Check out Scott’s story here. From there you can link to the Vista home page and the name announcement video.

A Rosy Revenue Story – with Exceptions
Microsoft last Thursday reported strong financial results for its fiscal 2005 fourth quarter and full year, both of which ended June 30. For the year, net income grew 50 percent, to $12.25 billion, on revenue of $39.8 billion. That is a ton of growth—which of course means all you partners are doing something right. And CFO Chris Liddell is bullish for more to come. “We expect double digit revenue growth next year, kicking off the strongest multi-year product pipeline in the company's history,” he said in a statement.

A notable exception to the profit rule is Microsoft Business Solutions, which lost $201 million for the year, although that’s down from $315 million last year—a reduction of 36 percent. Doug Burgum, senior vice president of the Business Solutions Business Group, addressed that topic during a press conference earlier this month at the Microsoft Worldwide Partner Conference. The fact that MBS isn’t making money doesn’t mean it isn’t making progress against its goals, he said, noting the group still sees itself as being in investment mode. “We have lost all the money that we’ve been asked to lose every year,” Burgum said. Microsoft’s long-term goal is to grab a significant share of a market that he says has the potential to reach $60 billion.

In that respect, MBS represents an opportunity for partners with competencies, including Information Worker, to add additional revenue.

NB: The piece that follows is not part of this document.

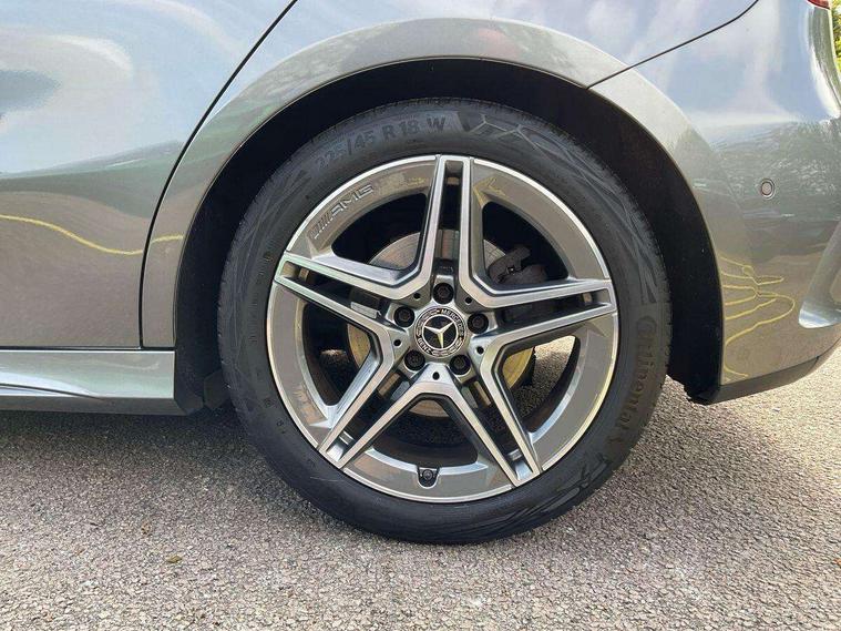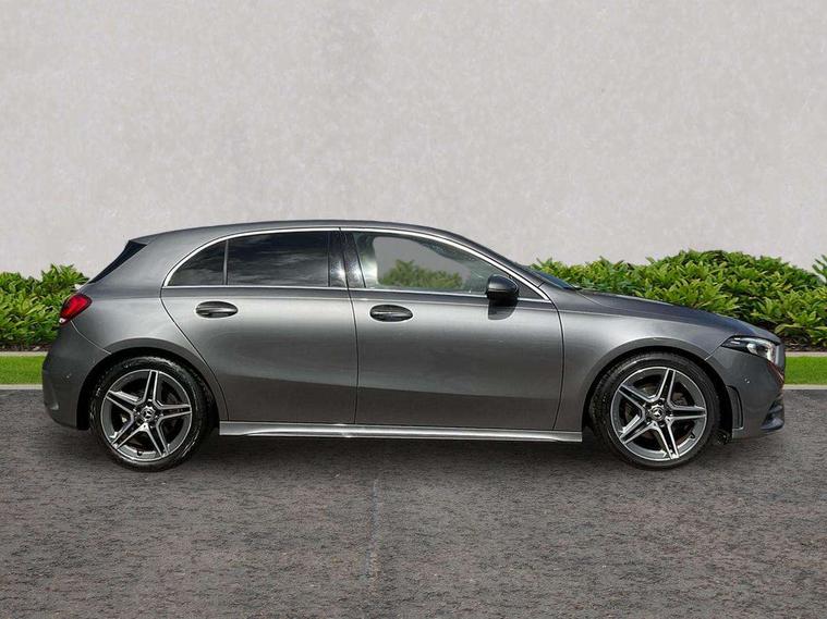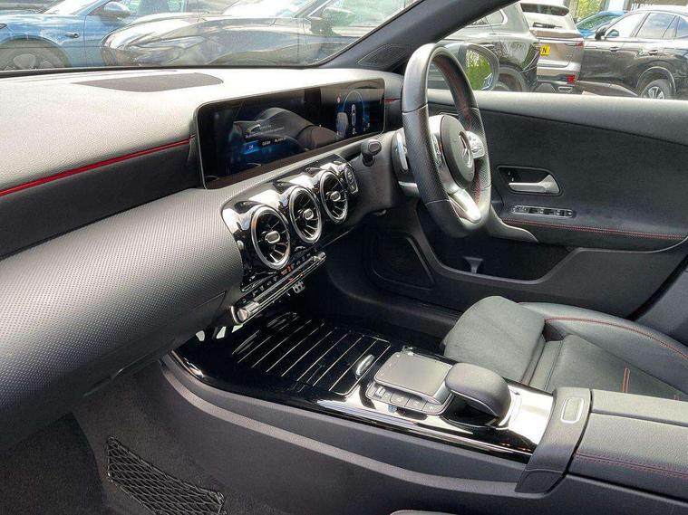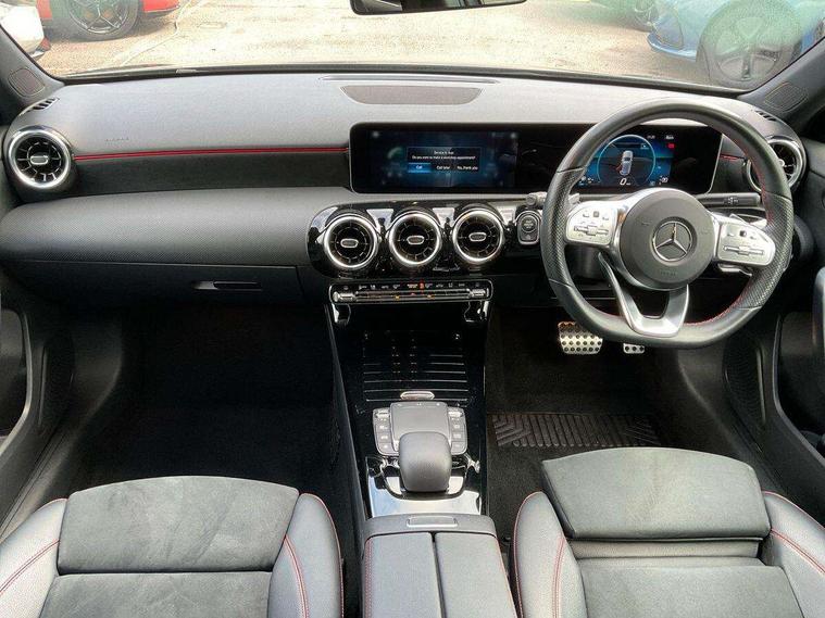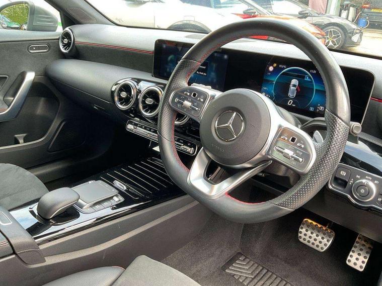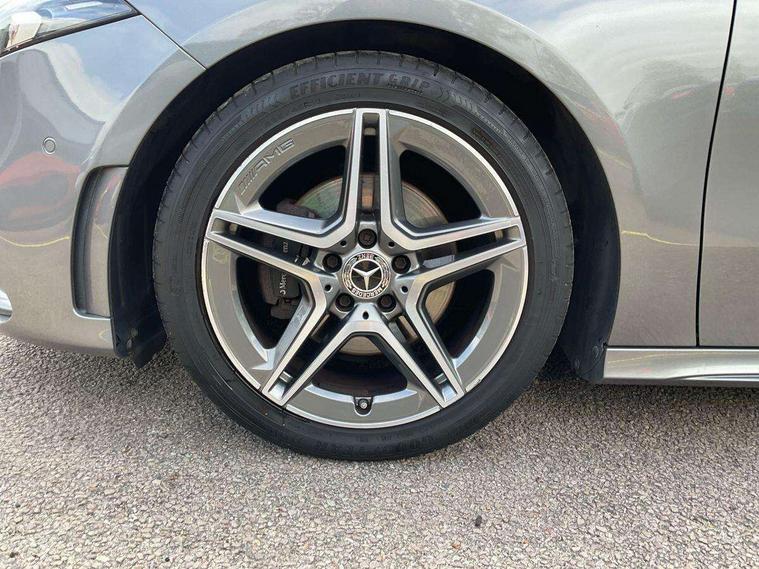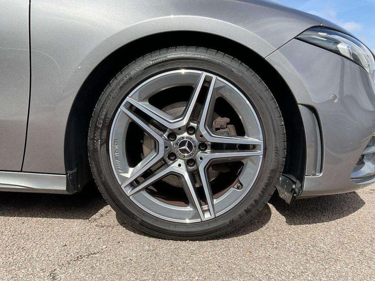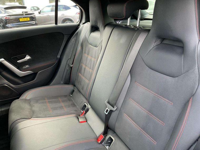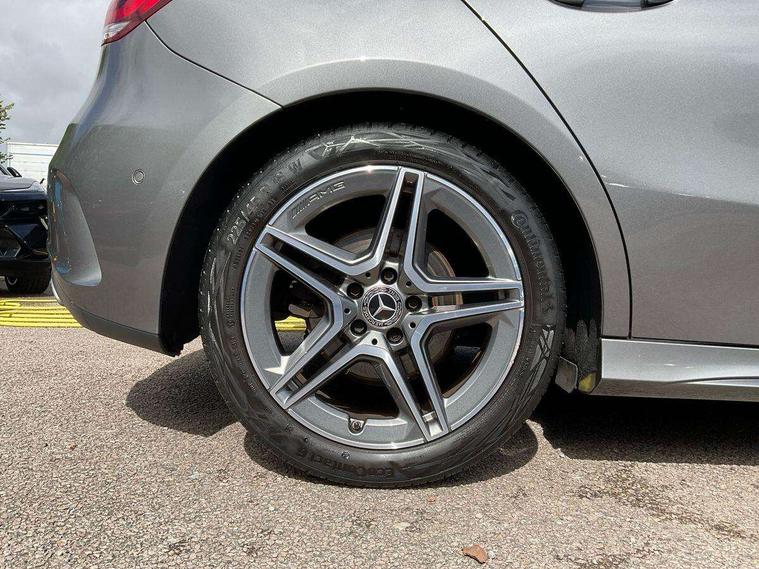 10.25" media display, 180 degree rear view camera with parking guidelines, 7" colour screen in instrument panel, Active lane keep assist, Active park assist with parktronic system including front and rear parking sensors, Attention assist, Brake pad wear indicator warning light, Car wash mode, Cruise control + speed limiter, Direct steering, Dual bluetooth interfaces, DYNAMIC SELECT with a choice of driving modes (ECO, Comfort, Sport and Individual), ECO start/stop function, Fluid level warning indicator for fuel, oil, coolant and washer fluid, Hard-disk navigation, Hey Mercedes Voice activation, Lamp failure indicator, Mercedes me connect including emergency call system, accident recovery, breakdown and maintenance management, Outside temperature gauge, Owners manual in English, Pre-installation for private car sharing, Pre-installation for Vehicle Monitoring, Pre-installation for Vehicle Setup, Preinstallation for Mercedes Benz link, Service indicator (ASSYST), Smartphone integration with Apple CarPlay and Android auto, Speed sensitive power steering, Trip computer, Wireless charging, Lowered comfort suspension, Rear axle torsion beam, 2 USB ports (type C) in rear stowage compartment and one in front of center console, 6 speakers, DAB Digital radio, MBUX multimedia system with DAB digital radio and touchpad including satellite navigation, Mercedes-Benz sound system - 100W, 4 Electric Front and Rear windows, Adaptive brake lights, AMG bodystyling - Front apron with splitter in chrome, rear apron with chrome trim and chrome visible trim elements in tailpipe, Black weather strip, Body colour bumpers, Body colour door handles, Body colour side skirt, Body coloured door mirrors, Chrome beltline trim, Diamond radiator grille with chrome pins and silver louvre + chrome insert, Electric adjustable and heated door mirrors with integrated LED side indicators, Exhaust system - Twin visible tailpipes in polished stainless steel, Headlamp assist automatic headlamp activation, Heated glass rear windscreen + timer control, LED high performance headlamps with integrated LED daytime running lights, LED tail lamp, LED third brake light, Privacy glass, Radio aerial, Rain sensing windscreen wipers with two sensitivity settings, Rear fog lights, Rear wiper, Window line trim strip in chrome, 3 Spoke flat bottom leather multi function steering wheel with perforated leather in grip area, 40:20:40 split folding rear seats, Artico man-made leather/Microfibre Dinamica upholstery with red contrast stitching, Auto Mercedes-Benz child seat recognition sensor, Black air vents with surround in silver chrome, Black roof lining, Brushed stainless steel sports pedals with rubber studs, Controller on centre console with chrome surround, Floor mats with stitched edging and AMG lettering, Front centre armrest with storage compartment, Front door sills with Mercedes Benz lettering, Front seat backs luggage nets, Front seat cushion length adjustment, Galvanished gear shift paddles on steering wheel, Heated front seats, Height/reach adjustable steering column, Interior mirror with reading lamps in black and frameless, Manual height adjustable front seats, Rear head restraints, Seat occupancy sensor for front passenger seat, Sports seats with integrated headrests, Stowage compartment in centre console with retractable cover, Sunvisors with illuminated vanity mirrors, Touchpad on center console, Twin front cupholders, Two zone thermotronic luxury automatic climate control, Light and sight pack - A Class, Mirror package - A Class, Seat comfort pack - A Class, 3 rear 3 point seatbelts, ABS with Brake Assist, Active bonnet, Active brake assist includes forward collision warning system with autonomous braking, Adaptive brake assist with hold function and hill start assist, Childproof locks manually operated for rear doors and electrically operated for rear power windows, Crash responsive emergency lighting, Driver and passenger head and side airbags, Drivers knee airbag, Dual stage driver/passenger airbags, Electronic parking brake, ESP curve dynamic assist, ESP with ASR, Front and rear seatbelt reminder, Front brake callipers with Mercedes Benz lettering, ISOFIX and top tether child seat fixing points in two outer rear seats, Tyre pressure monitoring system, Warning triangle and first aid kit, Window airbags, Alarm system/interior protection/immobiliser, Keyless Go, Remote central locking and crash sensor with emergency opening function, Urban guard vehicle protection system with immobiliser and interior protection, Black seatbelts, Dinamica microfibre trim in black, 18" AMG 5 twin spoke light alloy wheels in titanium grey with highsheen finish, Summer tyres, Tirefit sealant kit,

Judging by demos throughout the conference showing tight integration between products such as Great Plains and Office, Burgum could well be on to something. One such demo showed how clicking on an e-mail sent from a customer can bring up all transactions for that customer. Another showed how the Outlook calendar can be tied in to the Great Plains human resources system, enabling a vacation request, for example, to kick off an automated series of approvals. Pretty slick.

Partner Conference Redux
If you weren’t able to attend the Worldwide Partner Conference earlier this month, or just want to make sure you didn’t miss anything, on its Partner site Microsoft has lots of information on all the news, resources and awards it announced at the event. Partner Program registration is required for that site, but anyone can read the Q&A with Allison Watson, vice president of the Worldwide Partner Group, on the general Microsoft site, in which she expounds on topics including the importance of partnering with other partners and some of the new product-specific resources available to partners.

More on Partnering
Partners partnering with each other was the topic of the cover story for the premier issue of Redmond Channel Partner magazine, which debuted at the Partner Conference.

And to make sure you don’t miss an issue, subscribe to the magazine here.

I’m also interested in your thoughts on the magazine as a whole or on particular articles. Feel free to drop me a line at pdesmond@rcpmag.com or let me know through our online feedback system. If you’re willing, your comments might appear in our next Letters page.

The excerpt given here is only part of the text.